How to Go Really Big in AI: Strategies & Principles for Distributed Machine Learning

Eric Xing - CMU

Dec. 10, 2015, 2:30 p.m. - Dec. 10, 2015, 3:30 p.m.

Room 103, McConnell


The rise of Big Data has led to new demands for Machine Learning (ML) systems to learn complex models with millions to billions of parameters that promise adequate capacity to digest massive datasets and offer powerful predictive analytics (such as high-dimensional latent features, intermediate representations, and decision functions) thereupon. In order to run ML algorithms at such scales, on a distributed cluster with 10s to 1000s of machines, it is often the case that significant engineering efforts are required --- and one might fairly ask if such engineering truly falls within the domain of ML research or not.
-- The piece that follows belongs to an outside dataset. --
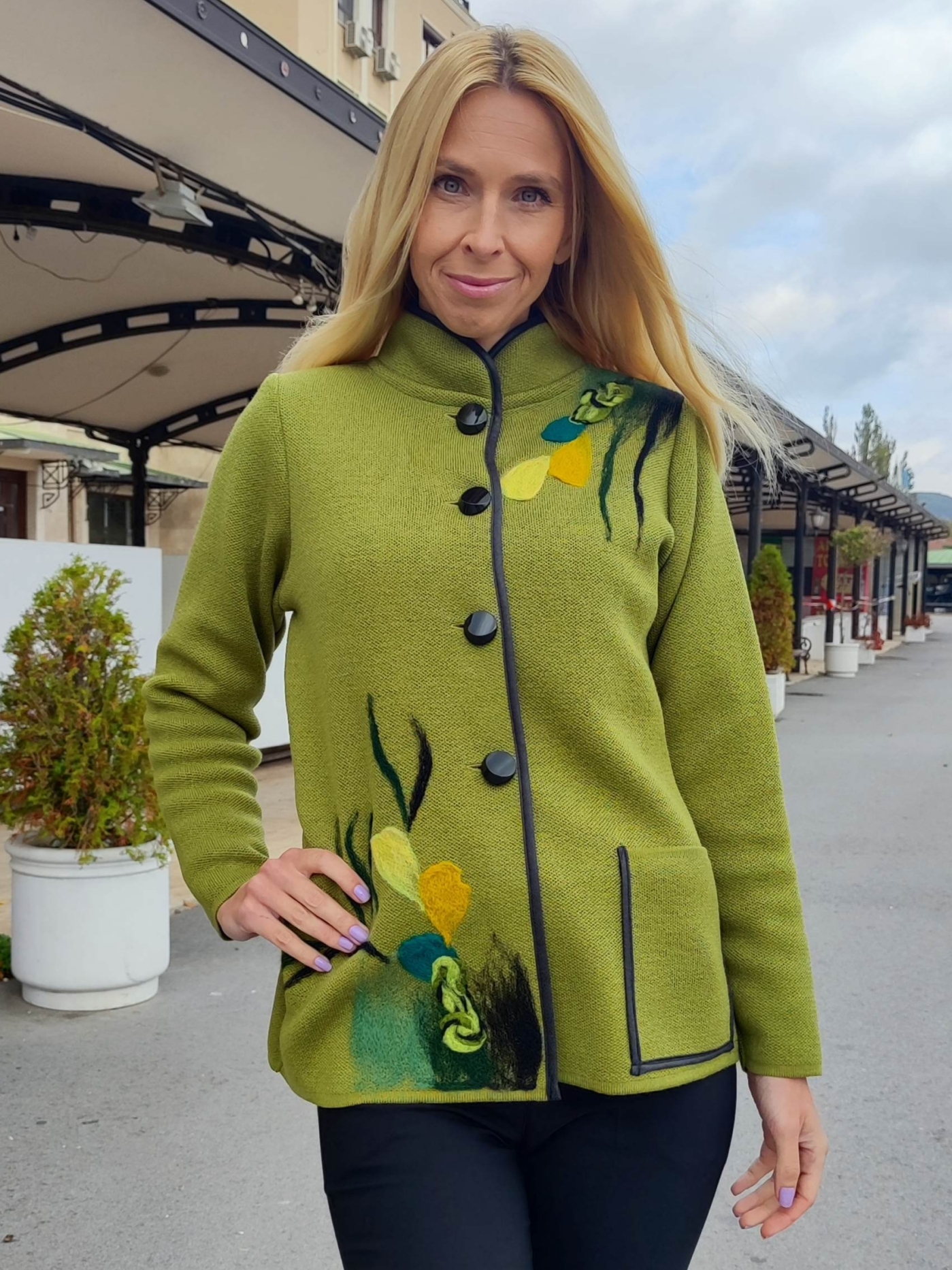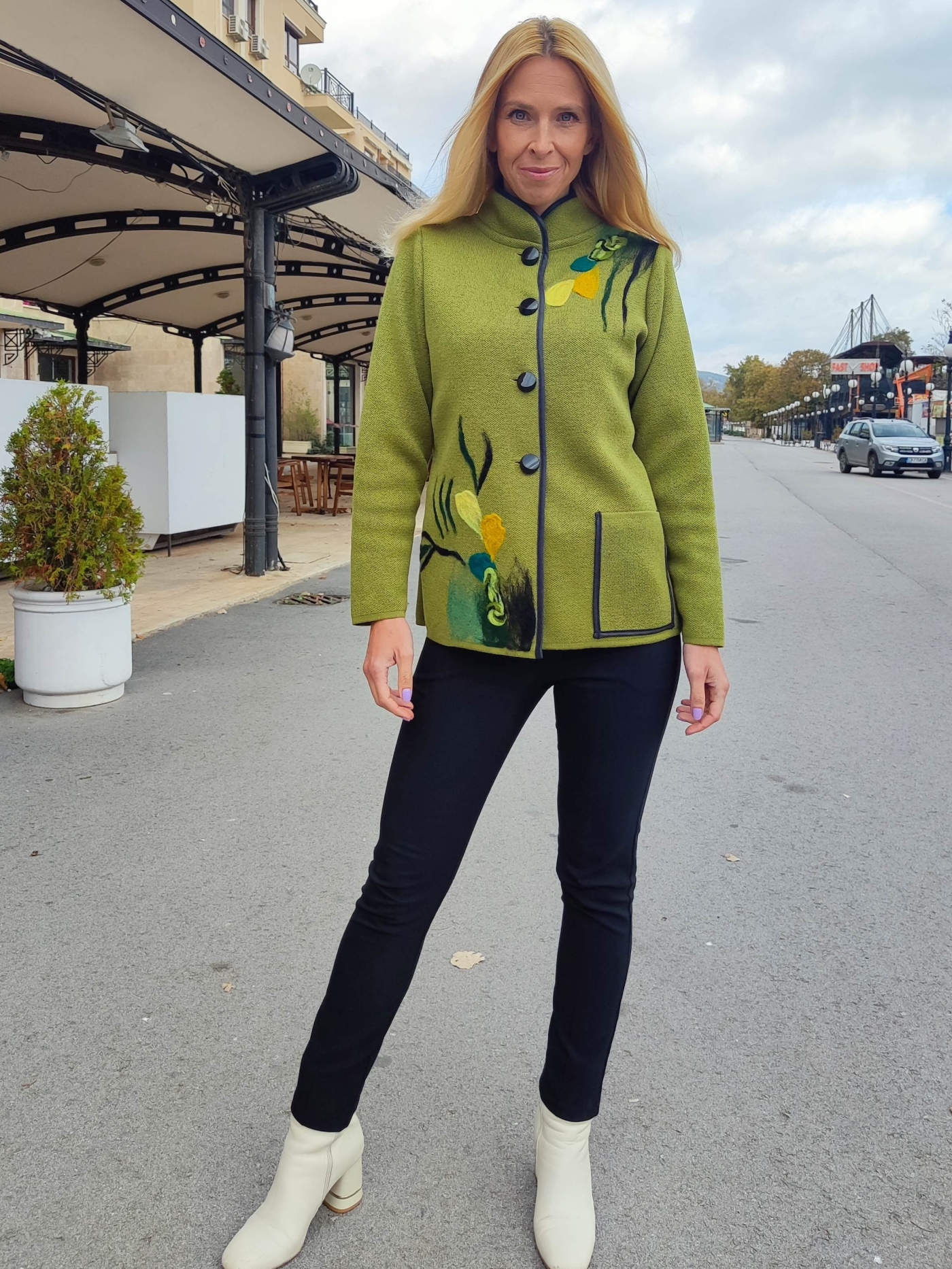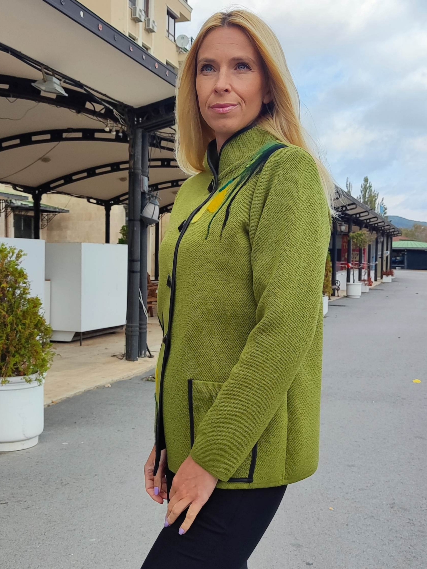 Дамска жилетка в маслинено зелено с артистичен флорален дизайн

Taking the view that Big ML systems can indeed benefit greatly from ML-rooted statistical and algorithmic insights --- and that ML researchers should therefore not shy away from such systems design --- we discuss a series of principles and strategies distilled from our resent effort on industrial-scale ML solutions that involve a continuum from application, to engineering, and to theoretical research and development of Big ML system and architecture, on how to make them efficient and general. These principles concern four key questions which traditionally receive little attention in ML research: How to distribute an ML program over a cluster? How to bridge ML computation with inter-machine communication? How to perform such communication? What should be communicated between machines? By exposing underlying statistical and algorithmic characteristics unique to ML programs but not typical in traditional computer programs, and by dissecting successful cases of how we harness these principles to design both high-performance distributed ML software and general-purpose ML framework, we present opportunities for ML researchers and practitioners to further shape and grow the area that lies between ML and systems.

 

This is joint work with the CMU Petuum Team.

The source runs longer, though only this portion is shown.